Он был пьян. Вот это неприятность, черт бы его побрал. С пьяным говорить не о чем, а время уходит!
— Я поняла, что бессознательное проявляется в импульсивных действиях, а сознательное всегда имеет цель. Правильно? — нужно выяснить степень его вменяемости.
— Детка, не захламляй мозги, — кое-как справившись с длинным шарфом, посоветовал кореец. — А уж если ты занялась этим, то для начала научись систематизировать знания. Сис-те-ма-ти-зи-ро-вать! — продекламировал он по слогам„а на последнем — стукнул по столу кулаком. — Что это у тебя тут? — открыв крышку сотейника, он некоторое время удивленно таращился на курицу. — Бессознательное, оно, понимаешь, оно бывает разное. Вот, к примеру, ты вытираешь свою грязную попку после того, как покакала. Ты это делаешь автоматически, то есть неосознанно, потому что это действие формировалось у тебя в мозгу под контролем сознания, оно формировалось, формировалось…

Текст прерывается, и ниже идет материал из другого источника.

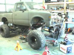 This is my little 84 Nissan. As you can tell its still under construction.I did the SAS already with D44 F/R, getting ready to bolt a 305 and a t350 in next. Right now its sittin' on 33's soon to be 38's or 39.5's, not sure what size that I want. I'll pos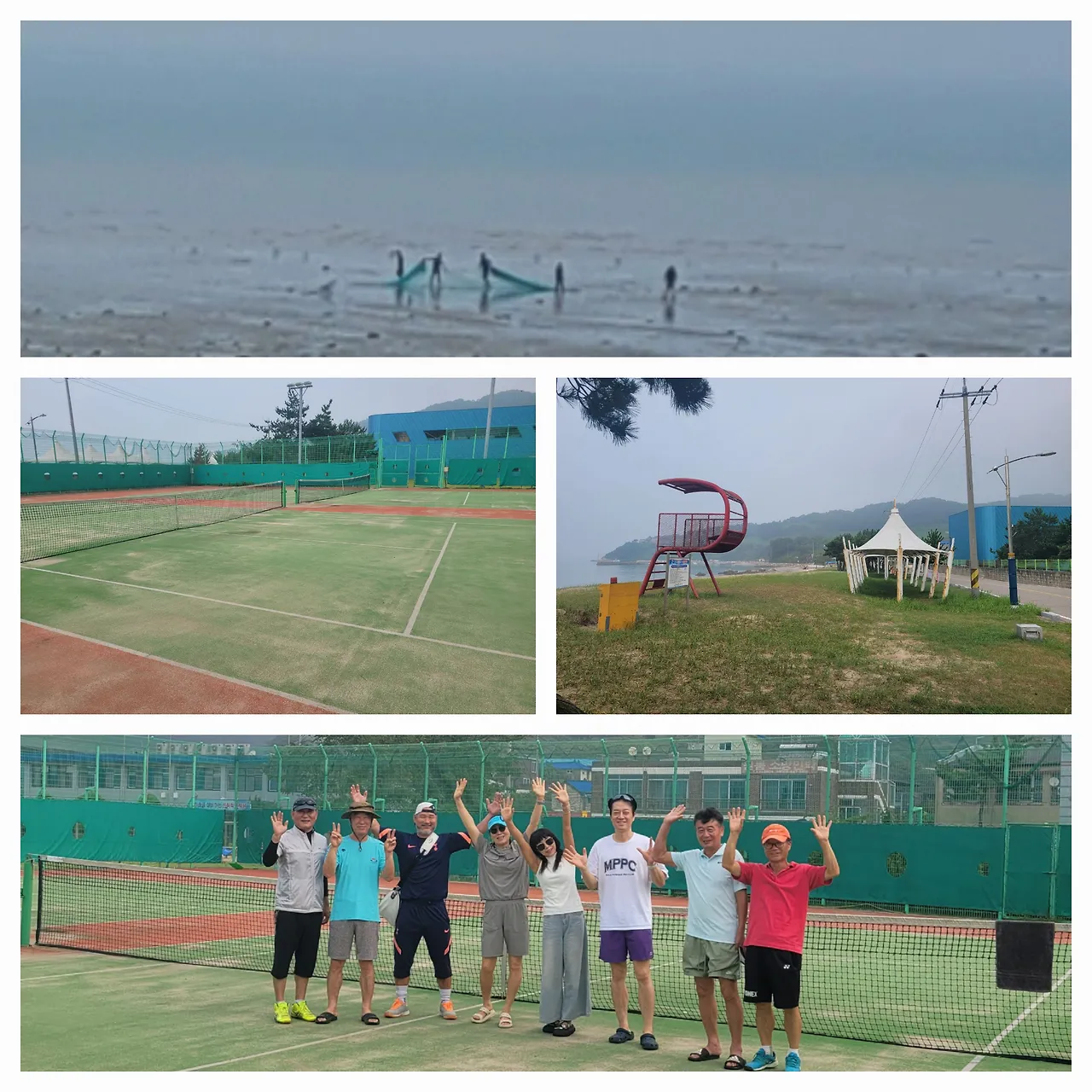 벌써 두 면의 잔디 코트에는 노란 공이 오가며 하계 캠프의 첫 시동을 건다.새로운 사람들의 볼 맛은 늘 그런 것처럼 긴장 속에서 상호 동시에 느끼는 신선함이다. 섬 깊숙이 숨어있는 맛집에서 꿀맛 같은 점심을 먹은 후 중천에 뜬 해가 넘어가기를 기다리면서 조개를 캐러 가는 사람, 수영을 하는 사람, 각자의 시간을 즐긴다.

Я встаю, подхожу к усевшемуся за стол корейцу и пытаюсь снять с него длинное пальто.
— Да! — вдруг дергается он и грозит мне пальцем. — А когда оно окончательно сформировалось, твое сознание как бы перестало заниматься этим действием…
— Каким действием? — я с силой тяну на себя рукав.
— Вытиранием грязной попки, ты что, не слушаешь? Это действие стало автоматическим, сознание больше не работает над его функцией. У маленьких детей, к примеру, нет ранее осознанных действий, им ко всему приходится привыкать впервые, а с возрастом человек сталкивается с настоящей проблемой — неосознанный мир!.. — Туг кореец встал и развел руки в стороны, чтобы показать необъятность этого самого мира, и мне удалось стащить второй рукав. Пальто упало на пол. — Неосознанный мир, твои неизвестно откуда появившиеся страхи и никогда ранее не проявляющиеся желания насильственно вторгаются в тебя! Что это валяется на курице? Желто-синюшного цвета…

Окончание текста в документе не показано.